Required action:
Records follow. Print exactly the lines from the one that has "https://astro-bowling.com/ Коли виникає" through the one that has "miniatures reproduisant les", inclusive, and omit the pictures.

(Records contained in a dataset)

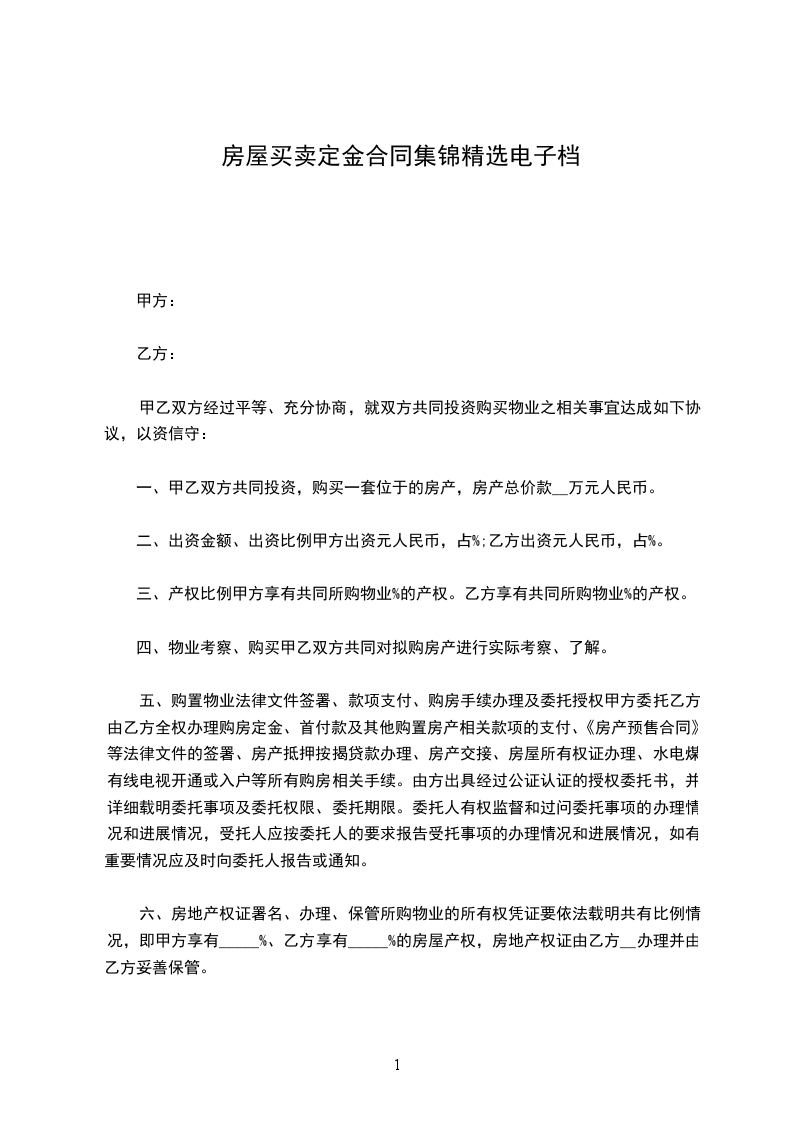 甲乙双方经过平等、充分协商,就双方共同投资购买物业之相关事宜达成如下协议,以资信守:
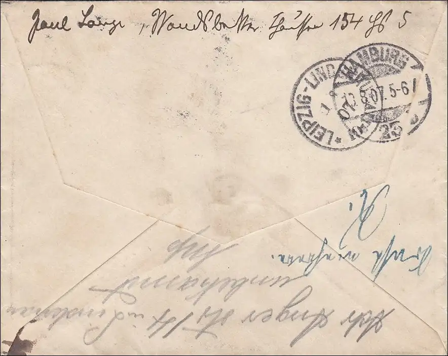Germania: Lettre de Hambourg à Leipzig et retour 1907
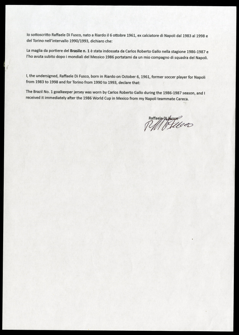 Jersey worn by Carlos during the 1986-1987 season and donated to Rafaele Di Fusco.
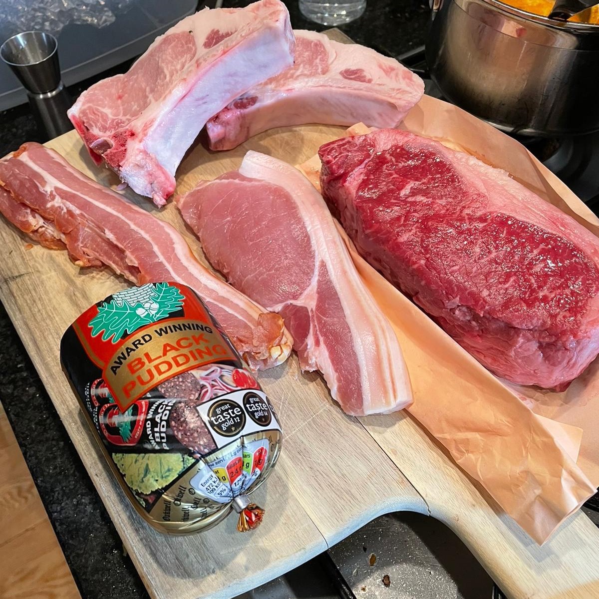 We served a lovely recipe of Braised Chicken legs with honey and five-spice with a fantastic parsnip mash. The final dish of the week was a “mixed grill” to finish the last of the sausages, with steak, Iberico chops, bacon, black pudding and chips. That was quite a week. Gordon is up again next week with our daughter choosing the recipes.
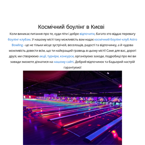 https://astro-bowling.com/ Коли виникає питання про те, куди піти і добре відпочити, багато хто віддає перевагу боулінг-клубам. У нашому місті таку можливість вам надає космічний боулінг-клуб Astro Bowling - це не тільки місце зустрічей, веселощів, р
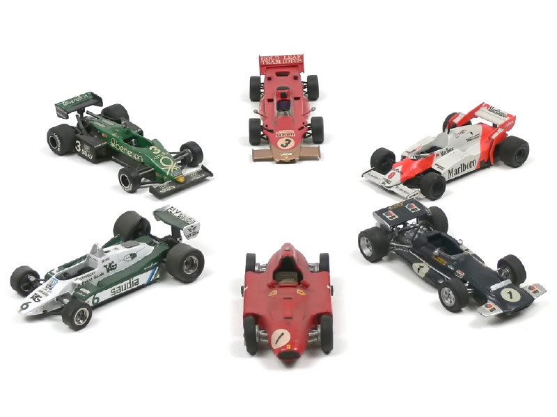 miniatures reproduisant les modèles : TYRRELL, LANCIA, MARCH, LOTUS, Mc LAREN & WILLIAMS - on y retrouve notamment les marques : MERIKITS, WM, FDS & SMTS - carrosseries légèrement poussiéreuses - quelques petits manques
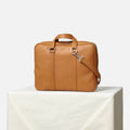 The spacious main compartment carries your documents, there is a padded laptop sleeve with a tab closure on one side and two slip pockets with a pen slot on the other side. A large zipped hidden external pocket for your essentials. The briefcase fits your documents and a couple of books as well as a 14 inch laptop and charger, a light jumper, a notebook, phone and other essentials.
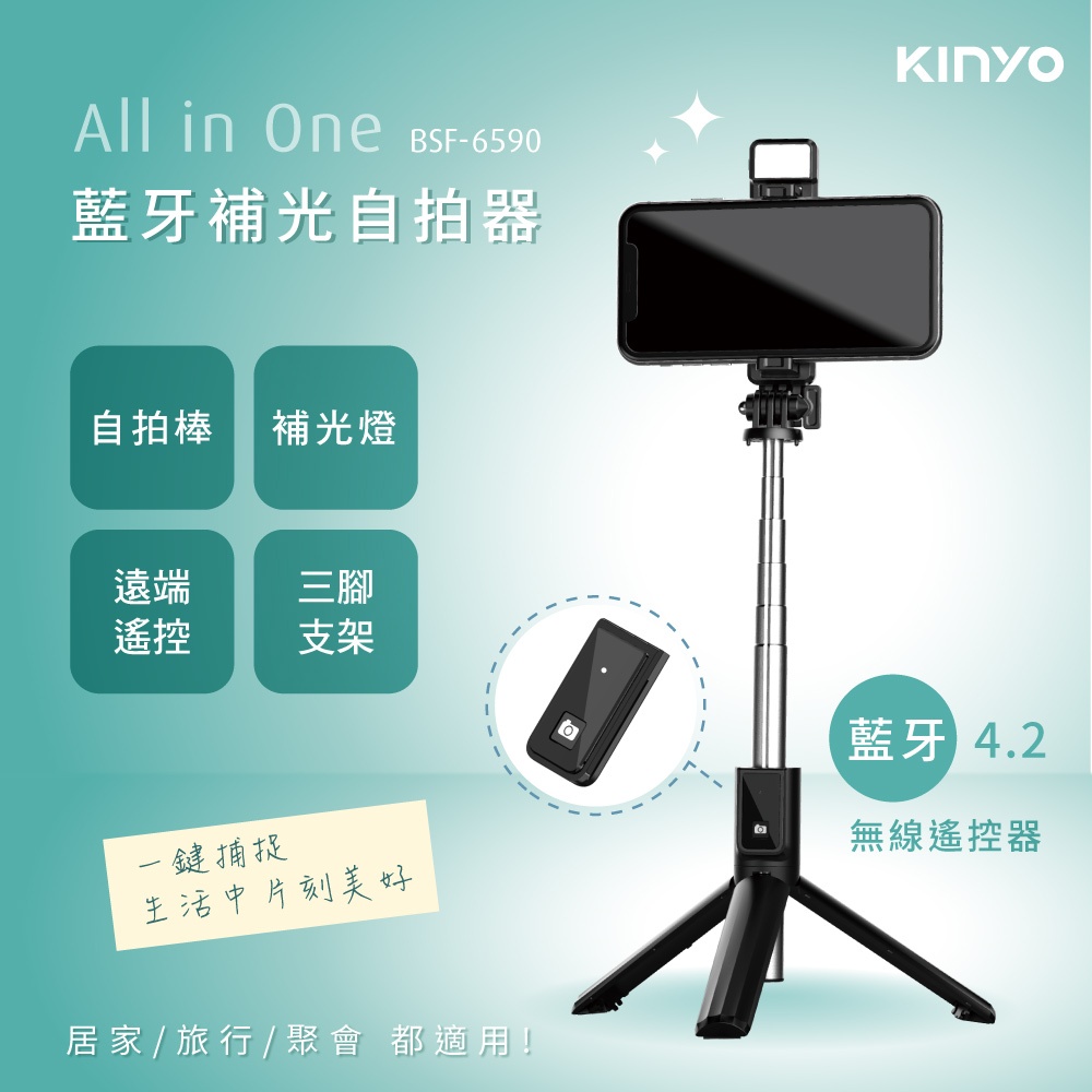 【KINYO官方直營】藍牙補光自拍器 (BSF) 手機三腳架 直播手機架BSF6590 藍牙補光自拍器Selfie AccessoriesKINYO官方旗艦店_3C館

Answer for the task:
 https://astro-bowling.com/ Коли виникає питання про те, куди піти і добре відпочити, багато хто віддає перевагу боулінг-клубам. У нашому місті таку можливість вам надає космічний боулінг-клуб Astro Bowling - це не тільки місце зустрічей, веселощів, р
 miniatures reproduisant les modèles : TYRRELL, LANCIA, MARCH, LOTUS, Mc LAREN & WILLIAMS - on y retrouve notamment les marques : MERIKITS, WM, FDS & SMTS - carrosseries légèrement poussiéreuses - quelques petits manques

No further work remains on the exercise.